#### ASSIGNMENT
Below are entries. Give back exactly the lines from the one containing "Look at this" through the one containing "North to the", inclusive, without the pictures.

#### RECORD SET
┄┄┄┄┄┄
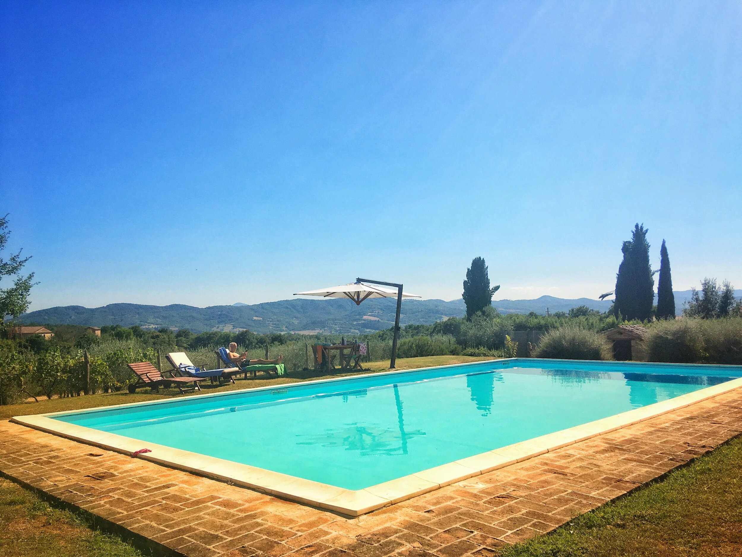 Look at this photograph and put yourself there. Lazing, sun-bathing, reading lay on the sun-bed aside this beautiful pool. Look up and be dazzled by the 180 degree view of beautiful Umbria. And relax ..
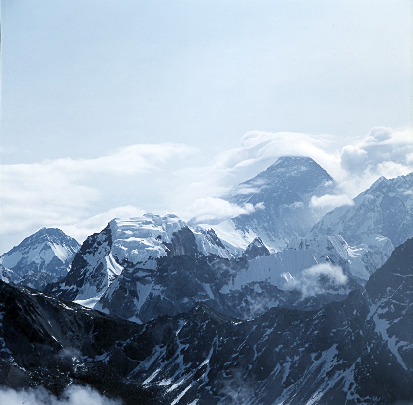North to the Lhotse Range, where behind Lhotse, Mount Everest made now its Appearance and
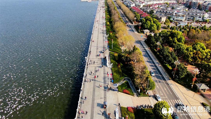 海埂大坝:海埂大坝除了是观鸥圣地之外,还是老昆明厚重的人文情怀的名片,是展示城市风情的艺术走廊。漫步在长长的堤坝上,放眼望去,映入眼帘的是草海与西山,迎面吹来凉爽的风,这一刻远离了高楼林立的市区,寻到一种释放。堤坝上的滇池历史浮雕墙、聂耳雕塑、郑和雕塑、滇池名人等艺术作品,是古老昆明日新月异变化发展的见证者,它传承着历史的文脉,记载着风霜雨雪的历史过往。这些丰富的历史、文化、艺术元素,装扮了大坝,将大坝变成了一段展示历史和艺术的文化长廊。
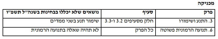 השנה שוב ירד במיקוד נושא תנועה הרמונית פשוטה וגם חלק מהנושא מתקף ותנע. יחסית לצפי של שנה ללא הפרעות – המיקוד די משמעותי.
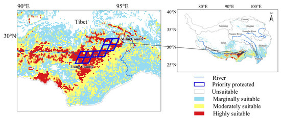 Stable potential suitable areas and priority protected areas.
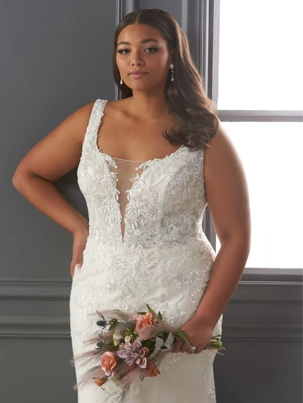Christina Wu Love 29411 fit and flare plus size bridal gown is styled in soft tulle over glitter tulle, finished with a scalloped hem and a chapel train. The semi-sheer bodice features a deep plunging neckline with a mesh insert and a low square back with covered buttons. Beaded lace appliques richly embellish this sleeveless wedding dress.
┄┄┄┄┄┄
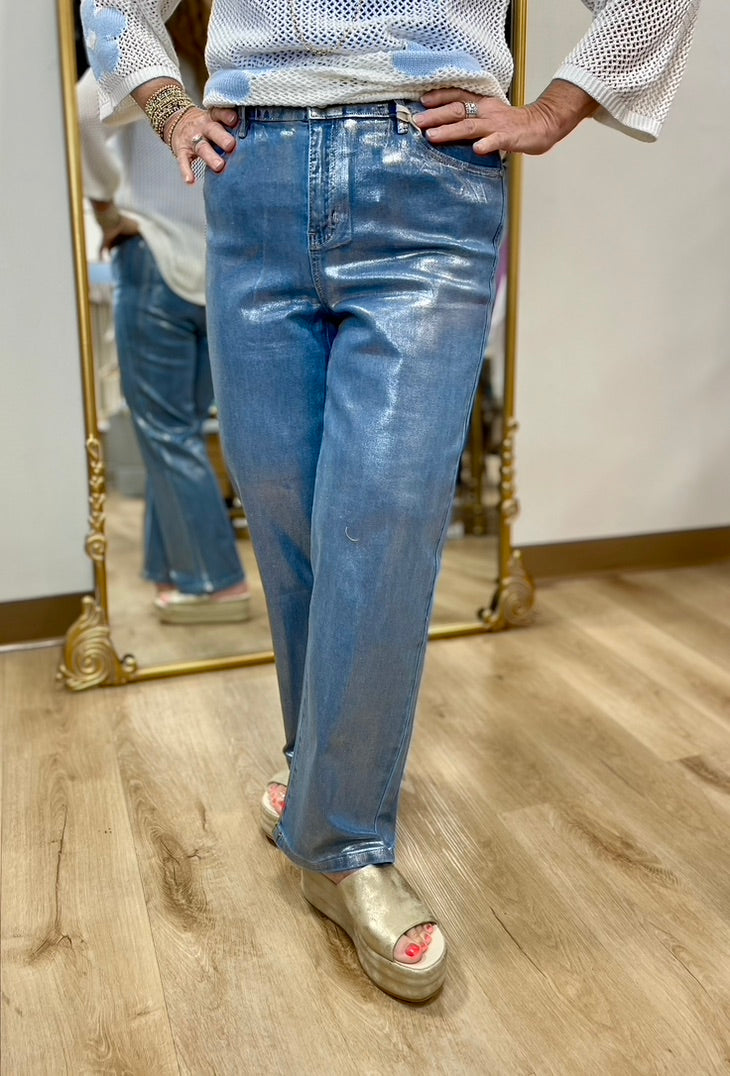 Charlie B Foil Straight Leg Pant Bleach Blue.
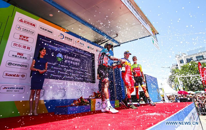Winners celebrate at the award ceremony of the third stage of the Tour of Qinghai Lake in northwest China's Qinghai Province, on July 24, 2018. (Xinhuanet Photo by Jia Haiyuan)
┄┄┄┄┄┄
#### RESPONSE FOR THIS EXERCISE
 Look at this photograph and put yourself there. Lazing, sun-bathing, reading lay on the sun-bed aside this beautiful pool. Look up and be dazzled by the 180 degree view of beautiful Umbria. And relax ..
North to the Lhotse Range, where behind Lhotse, Mount Everest made now its Appearance and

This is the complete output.